Do You Believe in Magic: A Review of The Rook, Daniel O'Malley

Have you ever experienced a moment in time that you know will result in something brilliant coming your way?  Such was my foresight in purchasing The Rook, by Daniel O'Malley as a Christmas gift not only anticipating that the receiver would love it but that it would soon be in my hand to read.  And as all good things come full circle, here I sit with this very said book unable to put the dam thing down.  I most likely didn't need to swear but Holy Shit Balls people this book is redonkulous and by redonkulous I mean amazing.  A year of blogging has really honed my writing, don't you think?

Yes, The Rook, where to begin but with a little confession.  Magic is my thing, so are superheroes, sarcasm, and witty, quirky female protagonists.  So not surprisingly I fell pretty hard and am finding myself having to leave the book on another floor in my house to ensure that I go to bed instead of reading it through to the morning light.  Which is something I have never done.  I willingly will sacrifice my daily interactions with humanity for a book but will not jeopardize a full night's sleep.  Even more so now that there is a three-year-old in the house who likes to request to watch "Super Friends" (here is over 2 hrs worth) at 4 in the morning with him.   Much to his surprise, his Mommy has never said, sure, 4 in the morning is the best time to sit back and watch the Super Friends kick some Legion of Doom ass.  (see how quirky and witty I am)

The book opens to carnage.  Latex gloved bodies are strewn all over a London park with the witty, quirky protagonist Myfanwy Thomas standing amongst it all, bewildered to not only what has transpired but to whom she is.  And from that dramatic launching point, you are drawn into a world not unlike our own, just with more fantastical elements on display.  An X-File junky back in the day, the old mantra "I want to believe" is as much a part of me as The Force is to Luke Skywalker.  (Honestly, I have no idea).   And so it does not take me long to want to accept a world filled with secret agents from a supernatural government department mandated to save us all from the nightmares we "normals" can barely comprehend.  

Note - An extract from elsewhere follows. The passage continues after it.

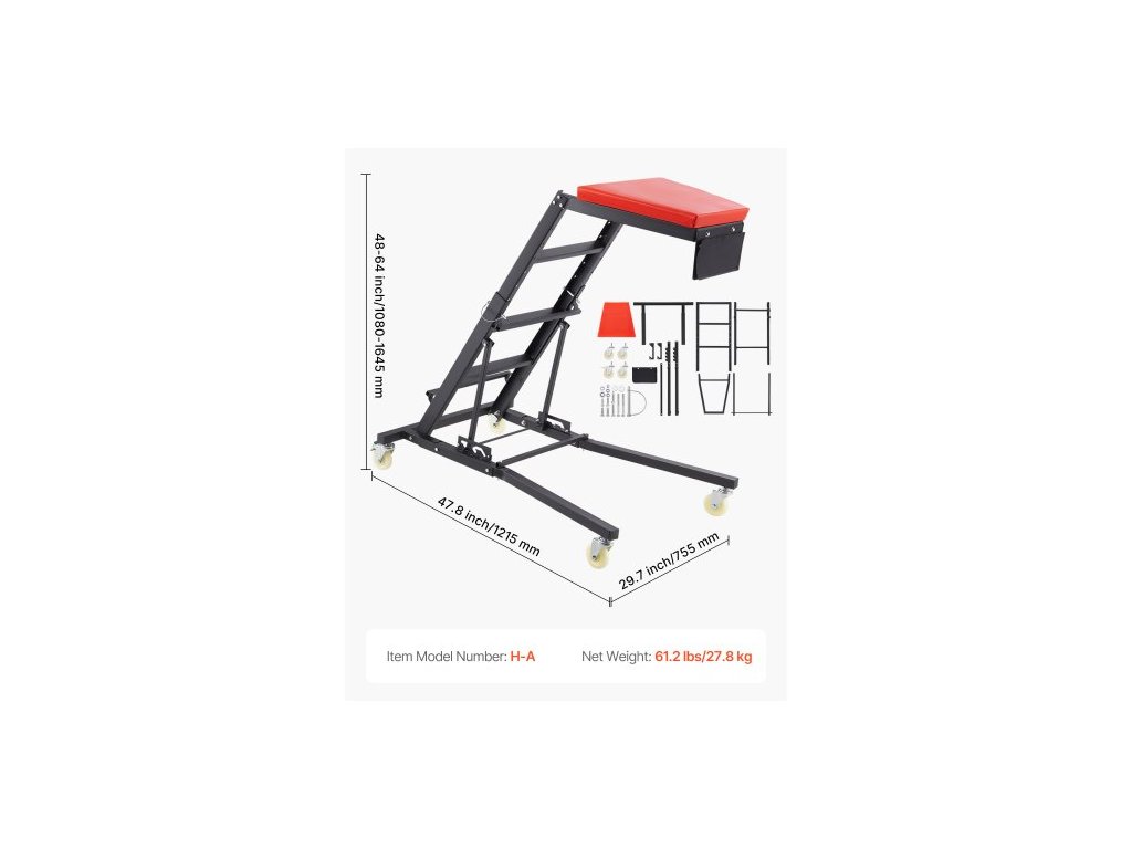 Automotive Top Creeper, Motorový Creeper 42,5"-64,8", Nosnost 400 LBS Vysoký Top Creeper, 4 Otočná Kolečka, Polstrovaná Podlaha, Creeper pro domácí Garáž, Dílnu, Opravy a Údržbu

Reminiscent of the Harry Potter world that J.K. Rowling deftly spun, O'Malley easily meshes the world of today with the world of magic. It is easier to believe the unbelievable if everything else described is grounded in present day.   Where things take a turn is while Hogwarts's magic is PG, the magic and subsequent horrors found in the The Rook are resoundingly adult.  I just gorged on a descriptive side-story of the hatching of a dragon egg.  Words that come to mind is monstrously gory.   It was a wonderfully, delightful way to start my day.  

As I plow through the pages at an alarming speed, I know I will be returning to it again and again.   A lover of minutiae, this book is rammed with oddities to spark my imagination.   Superpowers range from the ability to fly , to the obscure:  through touch one gifted boy causes colour blindness.  Of all the characters it is Gestalt,  quadruplets sharing one mind that highlight the creativity of O'Malley.  This is a character driven novel, filled with quirks, humour and horrors.  Your skin will crawl while tears of laughter roll down your cheeks.